Department of Biological Physics, Eötvös Loránd University, Budapest, Hungary.
Centre for Biological Diversity, University of St Andrews, St Andrews, United Kingdom.
Mol Biol Evol. 2019 Jun 1;36(6):1294-1301. doi: 10.1093/molbev/msz043.
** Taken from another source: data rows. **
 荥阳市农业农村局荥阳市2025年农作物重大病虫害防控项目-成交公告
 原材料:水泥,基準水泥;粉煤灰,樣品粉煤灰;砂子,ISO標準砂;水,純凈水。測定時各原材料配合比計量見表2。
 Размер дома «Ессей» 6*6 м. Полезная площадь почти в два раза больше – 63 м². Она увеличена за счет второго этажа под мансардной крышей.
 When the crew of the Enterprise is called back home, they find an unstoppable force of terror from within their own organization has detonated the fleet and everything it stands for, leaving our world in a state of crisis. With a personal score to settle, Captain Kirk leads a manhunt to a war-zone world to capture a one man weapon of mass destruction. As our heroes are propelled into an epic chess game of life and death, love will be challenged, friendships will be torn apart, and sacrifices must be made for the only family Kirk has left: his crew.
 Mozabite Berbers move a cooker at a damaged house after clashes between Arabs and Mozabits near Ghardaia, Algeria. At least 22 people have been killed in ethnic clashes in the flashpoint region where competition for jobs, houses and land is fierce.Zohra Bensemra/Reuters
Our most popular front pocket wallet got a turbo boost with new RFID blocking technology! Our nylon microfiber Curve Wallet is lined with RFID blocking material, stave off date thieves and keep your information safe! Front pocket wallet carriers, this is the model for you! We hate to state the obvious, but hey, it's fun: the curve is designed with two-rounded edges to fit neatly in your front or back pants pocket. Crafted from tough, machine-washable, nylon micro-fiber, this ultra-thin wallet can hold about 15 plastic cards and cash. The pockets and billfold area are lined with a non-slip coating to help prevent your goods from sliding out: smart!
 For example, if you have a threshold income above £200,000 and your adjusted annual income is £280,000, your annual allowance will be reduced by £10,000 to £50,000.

Molecular phylogenetics has neglected polymorphisms within present and ancestral populations for a long time. Recently, multispecies coalescent based methods have increased in popularity, however, their application is limited to a small number of species and individuals. We introduced a polymorphism-aware phylogenetic model (PoMo), which overcomes this limitation and scales well with the increasing amount of sequence data whereas accounting for present and ancestral polymorphisms. PoMo circumvents handling of gene trees and directly infers species trees from allele frequency data. Here, we extend the PoMo implementation in IQ-TREE and integrate search for the statistically best-fit mutation model, the ability to infer mutation rate variation across sites, and assessment of branch support values. We exemplify an analysis of a hundred species with ten haploid individuals each, showing that PoMo can perform inference on large data sets. While PoMo is more accurate than standard substitution models applied to concatenated alignments, it is almost as fast. We also provide bmm-simulate, a software package that allows simulation of sequences evolving under PoMo. The new options consolidate the value of PoMo for phylogenetic analyses with population data.
分子系统发生学长期以来忽视了现有和祖先群体中的多态性。最近,基于多物种合并的方法越来越受欢迎,然而,它们的应用仅限于少数物种和个体。我们引入了一种具有多态性意识的系统发生模型(PoMo),该模型克服了这一限制,能够很好地适应不断增加的序列数据量,同时考虑到现有和祖先的多态性。PoMo 避免了处理基因树,并直接从等位基因频率数据推断物种树。在这里,我们扩展了 IQ-TREE 中的 PoMo 实现,并集成了对统计上最佳突变模型的搜索、跨位点推断突变率变化的能力以及分支支持值的评估。我们以每个 10 个单体型的 100 个物种为例进行了分析,表明 PoMo 可以对大型数据集进行推断。虽然 PoMo 比应用于串联比对的标准替代模型更准确,但它的速度几乎一样快。我们还提供了 bmm-simulate,这是一个软件包,允许在 PoMo 下模拟序列进化。新的选择巩固了 PoMo 在具有群体数据的系统发生分析中的价值。